In a Precedent-Setting Move, the Supreme Court Denies Jewish Heirs’ Attempt to Reclaim the $250 Million Guelph Treasure
The heirs of the dealers who sold the treasure under duress will get another chance to make their case in a district court.
The U.S. Supreme Court has ruled against the heirs of a consortium of Jewish collectors who allege that their families were forced to sell the Guelph Treasure, a collection of Medieval devotional objects now valued at upwards of $250 million, to Nazis in the 1930s.
In a unanimous decision, the court ruled that the collectors will not be able to secure the 42 silver artifacts’ return through the U.S. legal system based on the case presented during oral arguments in December, reports Bloomberg Law. The decision could impact Holocaust-era restitution cases for decades to come.
Alan Philipp, Gerald Stiebel, and Jed Leiber, the heirs of the Guelph Treasure’s former owners, had sued Germany for restitution on the grounds that the transaction was among the many forced sales of artworks by Jews living under the Nazi regime. The treasure—called the Welfenschatz in German—is held by the Prussian Cultural Heritage Foundation (the Stiftung Preussischer Kulturbesitz, or SPK), which runs Berlin’s state museums, and is on view at Berlin’s Museum of Decorative Arts.
In general, other countries cannot be sued in U.S. court, according to the 1976 Foreign Sovereign Immunities Act. The plaintiffs’ case rested on whether or not the sale of the Guelph Treasure could be considered an “expropriation exception,” where property was taken “in violation of international law.”
But the court found that “the law of takings”—which has previously been used to secure the return of four Gustav Klimt canvases, including his famed Portrait of Adele Bloch-Bauer (1907), to refugee Maria Altmann—did not apply here.

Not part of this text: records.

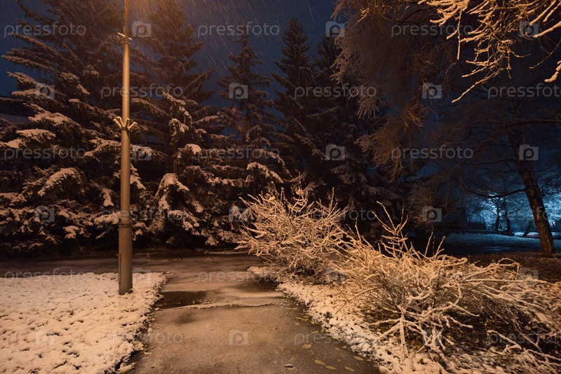 Новокузнецк, Россия. 01 ноября 2024 года. Живописный вид на деревья городского парка, покрытые первым осенним снегом и подсвеченные фонарями теплого и холодного света
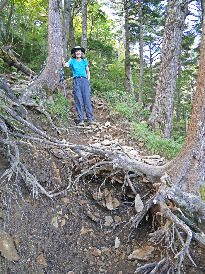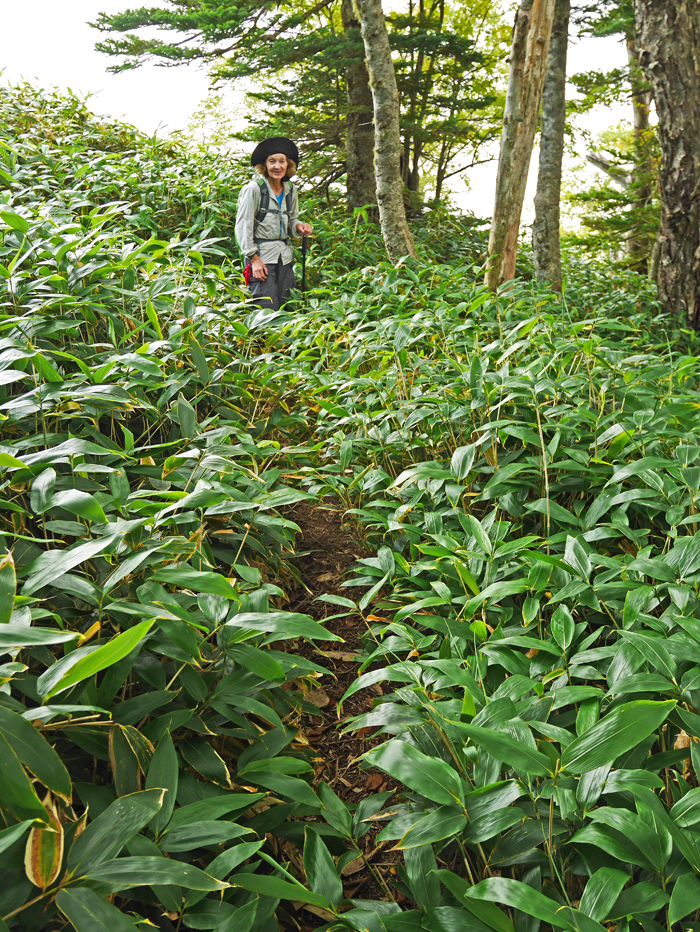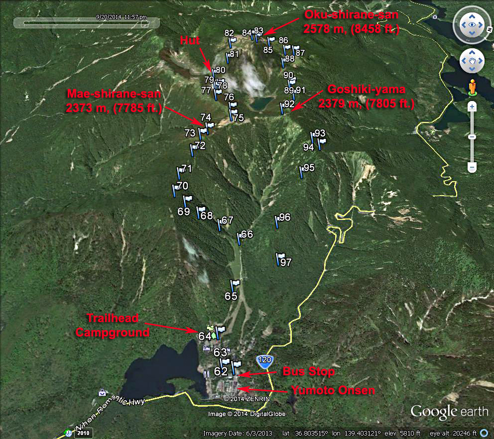 | A Google Earth image of our climbing route on the east side of the mountain starting from Yumoto Onsen. The waypoints shown are available as a .gpx file which can be loaded in your GPS receiver. Oku-shirane-san.gpx In good weather this is a wonderful scenic loop hike. The trail starts from the campground a short walk from the bus stop. After gaining elevation through an area of ski lifts the trail gets serious and ascends steeply from point 66 to a ridge line at point 70. You will be hanging onto tree roots and lims in this area. The trail is easy along the ridge and goes over a minor peak then drops down to a hut at point 79. Then it's a steep climb up to the summit. The retrun route descends the north side to a junction them east along a ridge to Goshiki-yama. From there go northeast then take a right turn at a junction and follow a lesser-used trail all the way down to the village. The route is 11.3 km (6.8 mi.) with a gain of about 1460 m (4790 ft.) to the summit. It took 4 hours to reach the summit and about 3 1/2 hours to follow the route down. | |||||||||||||||
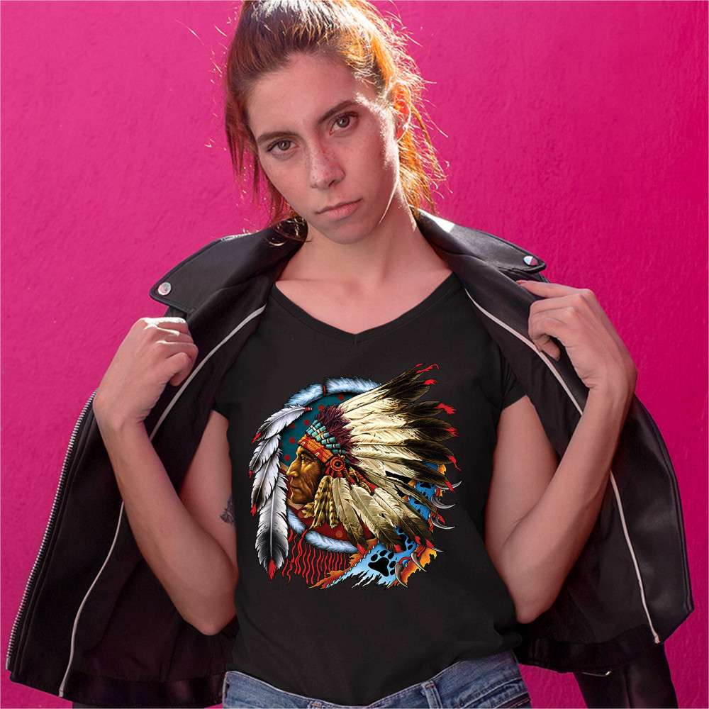 NATIVE AMERICAN CHIEF women's v-neck t-shirt war bonnet dreamcatcher tee black
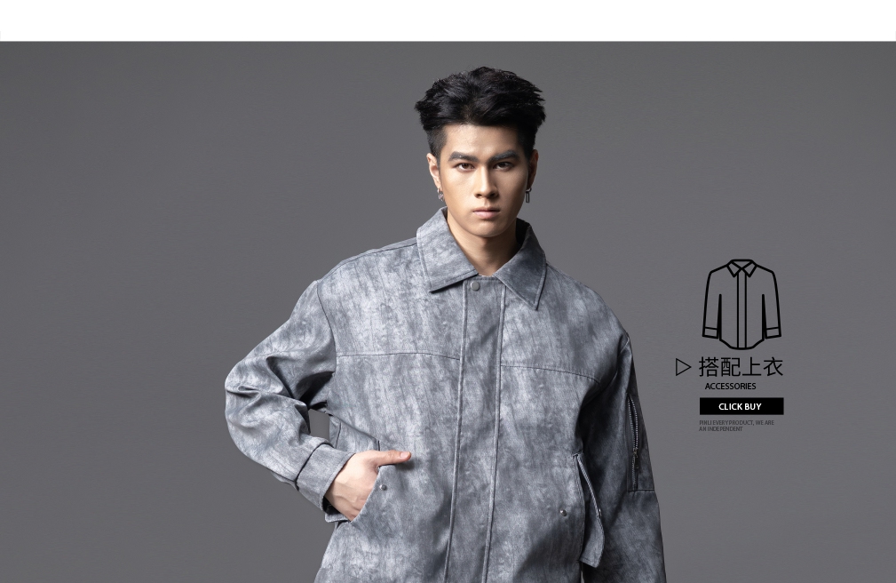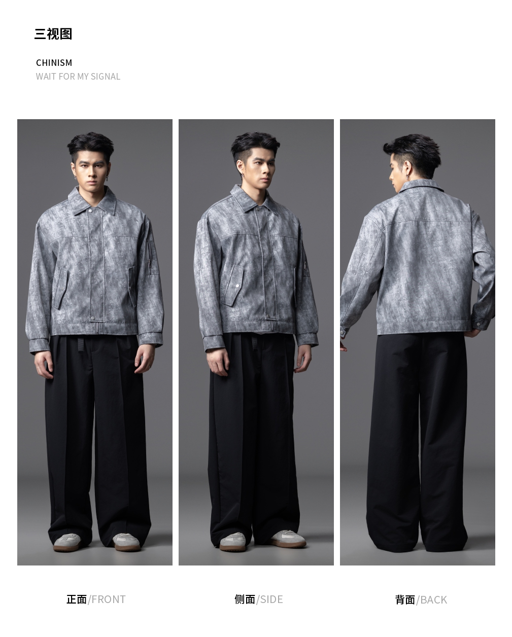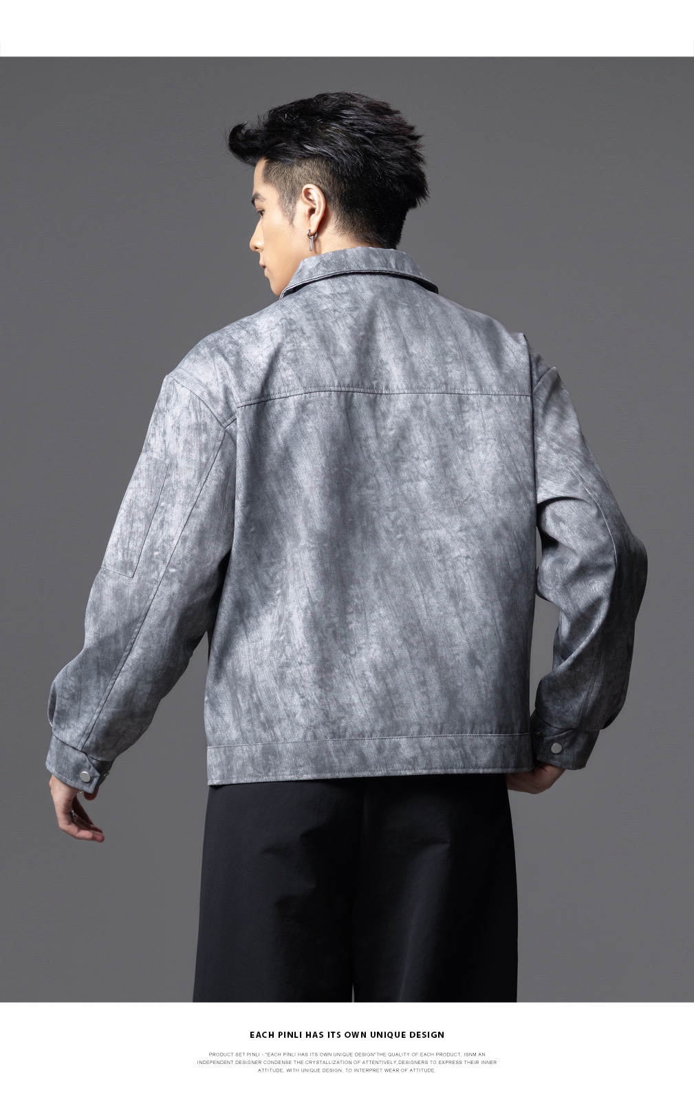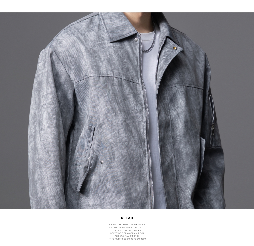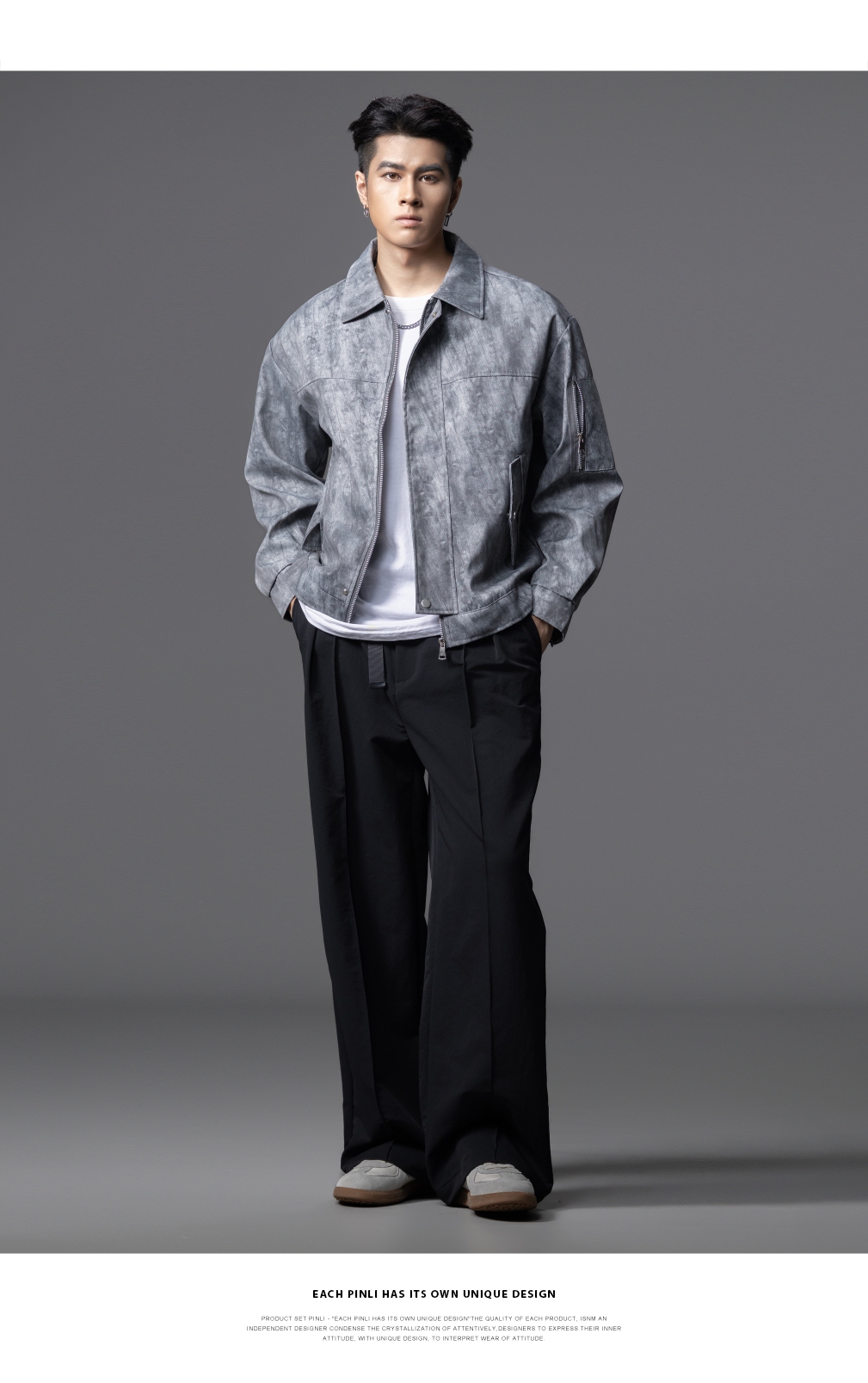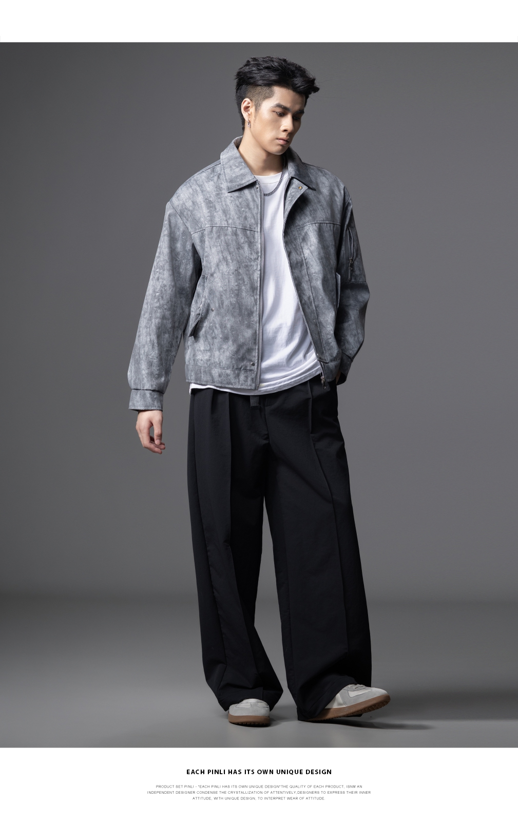 PINLI品立2025秋季新款机车风宽松翻领夹克男士潮牌休闲上衣外套GD253104090

The heirs had argued that the treasure’s forced sale violated international law as an act of genocide. But the court found that the only international law covered by the exception is property law, and that the seizure of a property belonging to a country’s own citizens is a domestic matter, and therefore not under the jurisdiction of U.S. law.
“We need not decide whether the sale of the consortium’s property was an act of genocide, because the expropriation exception is best read as referencing the international law of expropriation rather than of human rights,” chief justice John Roberts wrote in the opinion. “We do not look to the law of genocide to determine if we have jurisdiction over the heirs’ common law property claims. We look to the law of property.”
During oral arguments, Nicolas O’Donnell, attorney for the heirs, argued that excluding acts of genocide from the Foreign Sovereign Immunities Act would imply that “Congress intended to disadvantage the Nazi’s first victims, German Jews. This makes no sense.”
Roberts countered: “The exception places repeated emphasis on property and property-related rights, while injuries and acts we might associate with genocide are notably lacking,” he wrote. “That would be remarkable if the provision were intended to provide relief for atrocities such as the Holocaust.”
The long-running battle over the treasure originated in Germany in 2008, but the heirs were unable to secure the treasure’s return. The German Advisory Commission on Nazi-looted art found in a non-binding 2014 ruling that the sale had not taken place under duress. The plaintiffs tried again in U.S. court the following year. Despite a German motion to dismiss the case, a Washington, DC, district court agreed to hear the dispute—a decision upheld twice upon appeal before the case landed in the country’s highest court.
The case has now been sent back down to a district court to reconsider SPK’s motion to dismiss and determine whether the dispute can be adjudicated on other grounds. One potential avenue, raised by the plaintiff during the oral arguments in December, is the question of whether the art dealers were considered German nationals at the time of the sale. If, as Jews, their German citizenship was considered invalid, then the law of domestic takings would no longer apply.
“My clients are obviously disappointed in the court’s ruling,” O’Donnell told Artnet News in an email. “We are considering our next steps for when the case returns to the district court.”
“It is SPK’s long-held belief that this case should not be heard in U.S. court. As such, we welcome the Supreme Court’s unanimous decision in support of SPK,” SPK president Hermann Parzinger told Artnet News in an email. “We look forward to presenting robust legal arguments for the dismissal of this lawsuit.”